Неожиданно на лице Вольфганга отразился испуг, и он воскликнул:
– Это замок Колоредо! Архиепископ там не живет, но при желании может заточить меня в темницу!
Констанца была ошеломлена. Ей казалось, Вольфганг должен быть счастлив, ведь он твердил об этой поездке к родным с тех самых пор, как они поженились. А теперь вдруг страшится чего-то.
– Колоредо при желании может меня арестовать, – повторил он. – Официально меня никто не увольнял и не принимал моей отставки. Ты и представить себе не можешь, какой злой и мстительный этот князь.
– Но ведь твой отец уверяет, будто опасности нет никакой. Колоредо даже имени твоего не поминает, и у него теперь новый капельмейстер – Лодовико Гатти.
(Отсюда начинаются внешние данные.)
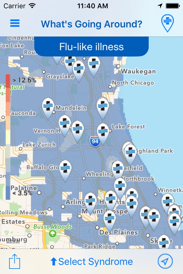 WGA is a graphical representation of particular illness/syndromes trending across NorthShore University HealthSystem in Chicago’s northern suburbs that is updated daily. Users can track syndromes such as strep throat and flu-like illness and see where cases are most prevalent. Based on daily patient data collected across our health care system, a geospatial heat map is generated for each syndrome that corresponds to the fraction of patients presenting that are positive (prevalence) for the syndrome of interest at a particular geographic location. Using historical data, the current prevalence can also be equated to an overall High, Medium, or Low for the entire region
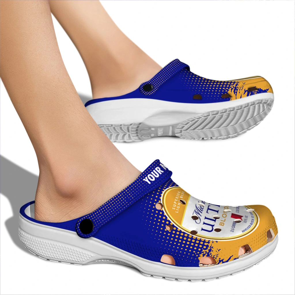 Can’t take your eyes off the Personalized Michelob Ultra Blonde Crest Blue Yellow Clogs? We get it. This pair mixes sun-bright prints with cloud-soft comfort in a silhouette that’s effortless to style and even easier to wear. Crafted from premium EVA, it’s ultra-light yet supportive, quick to dry after splashy moments, and steady underfoot thanks to an anti-slip sole.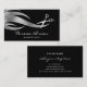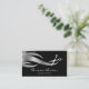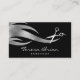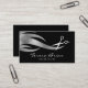 Beautiful hairstylist business card design with silver faux metallic texture hair, scissors, black background and elegant calligraphy font.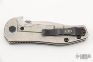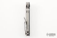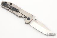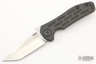 This 0620CF Emerson Tanto by Zero Tolerance features a satin finished tanto blade with thumbdisc and wave feature. The handle has a carbon fiber front scale with single stainless steel liner, tumbled titanium lockside, stainless steel lockface insert, black stainless steel tip up clip, left or right reversible. Has some scratches and the clip is bent out a touch, otherwise good condition. S/N 4044.
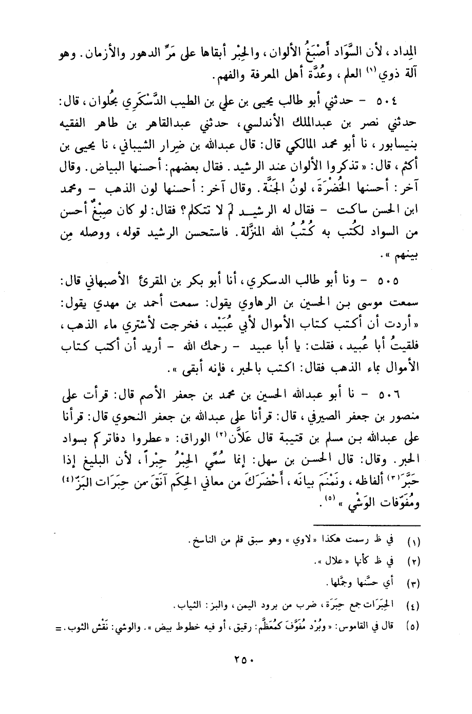 505 - وَنا أَبُو طَالِبٍ الدَّسْكَرِيُّ، أنا أَبُو بَكْرِ بْنُ الْمُقْرِئِ الْأَصْبَهَانِيُّ، قَالَ سَمِعْتُ مُوسَى بْنَ الْحُسَيْنِ بْنِ الرَّهَاوِيِّ، يَقُولُ: سَمِعْتُ أَحْمَدَ بْنَ مَهْدِيٍّ، يَقُولُ: " §أَرَدْتُ أَنْ أَكْتُبَ كِتَابَ الْأَمْوَالِ لِأَبِي عُبَيْدٍ، فَخَرَجْتُ لِأَشْتَرِيَ مَاءَ الذَّهَبِ، فَلَقِيتُ أَبَا عُبَيْدٍ فَقُلْتُ: يَا أَبَا عُبَيْدٍ، رَحِمَكَ اللَّهُ، أُرِيدُ أَنْ أَكْتُبَ كِتَابَ الْأَمْوَالِ بِمَاءِ الذَّهَبِ، فَقَالَ: «اكْتُبْ بِالْحِبْرِ فَإِنَّهُ أَبْقَى»

– Папа очень хотел нас видеть. Но Колоредо злобен, хитер и способен на любую пакость. А вдруг я повстречаюсь с Арко! В Зальцбурге человек, позволивший себе напасть на аристократа, наказуется двадцатью пятью ударами плети. А я готов пронзить его сердце шпагой!
И все-таки Вольфганг в лучшем положении, чем она, думала Констанца, он может вслух выражать свои опасения, и к тому же ей придется прикидываться, будто она любит двух людей, которые, она не сомневалась, в душе терпеть ее не могут. Что проку говорить это Вольфгангу, он верил: как только отец и сестра узнают Констанцу, они ее обязательно полюбят, – по этой причине Вольфганг и предпринял поездку в Зальцбург, но Констанца думала иначе. Отец Вольфганга никогда не полюбит женщину, которая увела от него сына, ну а сестра, естественно, разделяет мысли своего отца.
Карета остановилась на Ганнибальплац; большая площадь казалась вымершей, никого из стражи Колоредо не было и в помине. Вольфганг повеселел и сказал:
– До Великого Муфтия, видимо, дошло, что я теперь важная персона и меня не так-то просто тронуть.
Он помог Констанце выйти из кареты, почувствовал, как влажна ее ладонь, заметил ее волнение и строго прибавил:
– Станци, возьми себя в руки. Всегда помни, кто ты! – Стоит Папе поближе ее узнать, он непременно проникнется к ней теплыми чувствами.
И вот наконец все четверо стояли друг перед другом. Вольфганг смотрел на Папу любящим и немного обеспокоенным взглядом, а Констанцу поразила внешность Леопольда.
Она ожидала увидеть человека более крупного, внушительной наружности, а Леопольд Моцарт оказался немногим выше сына. Должно быть, сильно похудел, думала она, припоминая его портреты, да и состарился. И Наннерль выглядит такой простенькой – чего она, собственно, задирает нос?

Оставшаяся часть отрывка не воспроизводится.